The Cisco Global Cloud Index has predicted a three-fold increase in data center traffic by 2019. In addition, the world is likely to witness processing of about 86% of workload at cloud data centers, while the remaining 14% will be processed at traditional data centers. The ever increasing demand from individuals and enterprises has evolved the need of hyperscale infrastructure. Hyperscale datacenters will be of state-of-the-art quality with an ability to adapt to ever fluctuating internet demand.
The FPGAs (Field Programmable Gate Arrays), present a flexible solution to accelerate the network performance. Semiconductor giant Microsoft is using them in Azure Hyperscale as networking cards and accelerators and Intel is shipping Stratix 10 and Xeon using FPGA as accelerators to its customers. The conventional role of SRAM FPGAs in networking has now expanded to speed/accelerate servers.
What is FPGA?
Field-programmable gate arrays (FPGAs) are resourceful silicon chips that are proving to be extremely fast at certain operations. An FPGA is an array of bit-processing units (logic blocks) and interconnection; these logic blocks and interconnects can be programmed after fabrication to connect the inputs & outputs (I/O) in many different ways such that they can even perform massively parallel operations like real time processing.
The FPGA attraction
Multiple challenges in scaling single-thread performance without undue power dissipation has found CPU vendors integrating multiple cores onto a single die. Traditional CPUs run on a code where the operating system queues up instructions and the processor executes them one at a time. FPGAs, however, can offload processing power from the CPU and enable extremely high bandwidths to be managed simultaneously.
The overarching goal of hardware acceleration is to increase the speed at which data can be processed by using custom hardware specifically designed to implement a specific routine. This gives software speeds two advantages:
- One, the CPU can process other data while the computation necessary for the accelerated routine is offloaded to the coprocessor. The only time the processor must spend on the computation is the time that it takes to set up the co-processor to begin its calculation and the time it takes to receive results.
- The second potential gain is realized when the hardware accelerator is structured to calculate the result faster than the software.
Ideally, both conditions are met when the processor can process data concurrently with the co-processor and the custom hardware is faster than a software implementation.

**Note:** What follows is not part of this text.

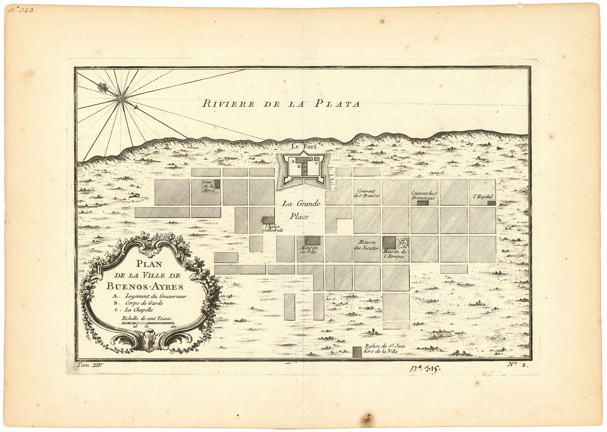 DESCRIPTION: A nice example of Bellin’s map of Buenos Aires, Argentina. This map appeared in Prevost's "L'Histoire Generale des Voyages".<br><br> The cartographer Jacques Nicolas Bellin (1703-1772) was one of the most important and proficient French cartographers of the eighteenth century. He was appointed the first Ingenieur Hydrographe de la Marine, and also the Official Hydrographer to the French. Manuscript number in lower margin "No. 315"

FPGAs offer tremendous performance potential. They can support several different parallel computation applications and implement them in single clockwork execution. Since FPGAs are reprogrammable, they can provide on-chip facility for a number of applications. The on-chip memory can facilitate a co-processor logic’s memory. This ensures the bandwidth is not restricted to the number of I/O pins present in the devices. Moreover, memory is also closely coupled to the algorithm logic which removes the need for an external high-speed memory cache. This in turn saves power and improves coherence. The use of internal memory also means that no additional I/O pins are required to increase its accessible memory size, simplifying design scaling.
The standard method of describing software is using high-level languages (HLLs) such as C, C++, or Fortran. The standard way of describing hardware is using hardware description languages (HDLs), such as VHDL and Verilog. Describing hardware using HLLs is possible and has been tried in several commercial products such as Xilinx Forge, Celoxica Handel-C, Impulse-C, and Mitrion-C,OpenCL. These languages offer a trade-off between a shorter development time and a performance overhead imposed by high level languages.
Describing hardware in HLLs, or at least using data flow diagrams, seems to be a major and distinctive feature of high-performance accelerators. It allows mathematicians and computer scientists to develop entire applications without relying on hardware designers. It also substantially increases the productivity of design processes. A compiler for this design must combine the capabilities of tools for traditional microprocessor compilation and tools for computer-aided design with FPGAs. It must also extend these two separate set of tools with capabilities for mutual synchronization and data transfer between microprocessor and accelerators.
Patented ideas for acceleration tech
Altera was one of the very first to Patent the acceleration technology in 1997. Over the years various networking, electronics, semiconductor, social media and e-commerce giants like LG, IBM, Qualcomm, facebook, Microsoft and Amazon have recognized the technology and implemented it to boost their product performance.
When addressing the hardware needs of data centers, network acceleration and deep learning FPGAs provide an attractive alternative; in particular, the ability to exploit pipeline parallelism and achieve an efficient rate of power consumption give FPGAs a unique advantage, making it a great future tech.